No problem man, keep the questions coming, I learn new things every day myself be reading about it.

Cheers,
Chris


----------



## Diztrbd1 (Apr 21, 2010)

I think Chris is right, this is from: Amano Shrimp | The Shrimp Farm

_The Amano Shrimp is one of the more difficult shrimp to successfully breed in the home aquarium. The young shrimp do not hatch as small versions of the adults, like a Red Cherry Shrimp does, but they hatch as larva. These larva require salt water to grow to metamorphosis and become freshwater shrimp again._

more info here: Amano Shrimp .:. Caridina multidentata .:. Freshwater Aquarium Shrimp Species Information Page

http://caridinajaponicabreeding.blogspot.com/

hope this helps ya a bit Mike


----------



## mikebike (Sep 8, 2010)

I think it is not a good day if I don't learn something new

I'm like a sponge trying to absorb it all but like a sponge some of the stuff leaks out when removed from water\computer some of the stuff I leaned I can't remember<VBG>


----------



## effox (Apr 21, 2010)

Homer Simpson: "How is education supposed to make me feel smarter? Besides, every time I learn something new, it pushes some old stuff out of my brain. Remember when I took that home wine making course, and I forgot how to drive?"

I feel like Homer.


----------



## mikebike (Sep 8, 2010)

Hi John,
thanks for those links.

I guess the larva will end you being food for the fish in the tank with the shrimp:<(


----------



## Diztrbd1 (Apr 21, 2010)

You welcome Mike.....maybe you'll get lucky and a couple will survive. I can surely see why nobody breeds them , looks like a PITA lol


----------



## mikebike (Sep 8, 2010)

If I could catch the larva I could set up a salt water breeder but they are in a heavily planted tank with my Pleco Fri.

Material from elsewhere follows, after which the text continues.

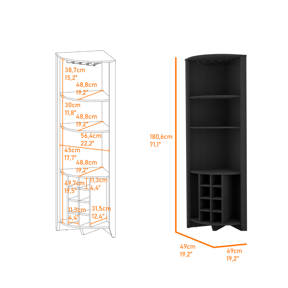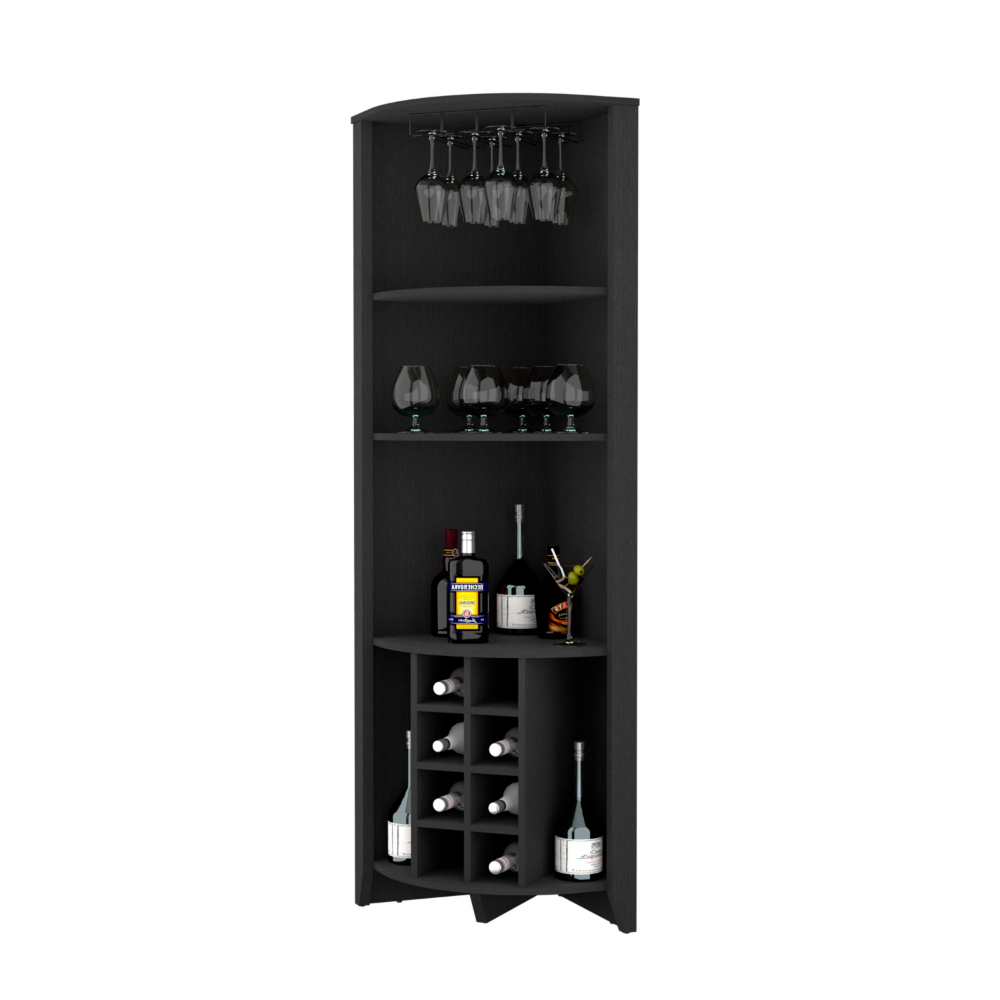 Bouvet Corner Bar Cabinet, Three Shelves, Eight Wine Cubbies, Two Side Shelves by FM FURNITURE

I have enough problems trying to catch the Plecos, I frequently end up with a shrimp, I add them both to one of my 3 grow out tanks in the hope that they will survive.

Perhaps I will find them in the AC Mini and be able to get them from the filter.

I am cycling my Fruval Edge I got at the Auction and they may go into it.


----------



## shaobo (Apr 21, 2010)

The shrimp in this photo looks nothing like an amano but more like a Red Cherry(Neocardina)to me.


----------



## effox (Apr 21, 2010)

You're right Ed, looking at the photo it looks like a wild cherry or something.

Cheers,
Chris


----------



## Diztrbd1 (Apr 21, 2010)

I was thinking the same thing myself


----------



## mikebike (Sep 8, 2010)

Thaks again on the ID
I got them as Amano and did not know the difference 
It did look red to me too<G>


----------



## shaobo (Apr 21, 2010)

Now all you need is one or two boy cherry shrimps to fertile these eggs when the female is ready. Good luck!


----------



## mikebike (Sep 8, 2010)

I have about 10 in that tank so I hope some are male


----------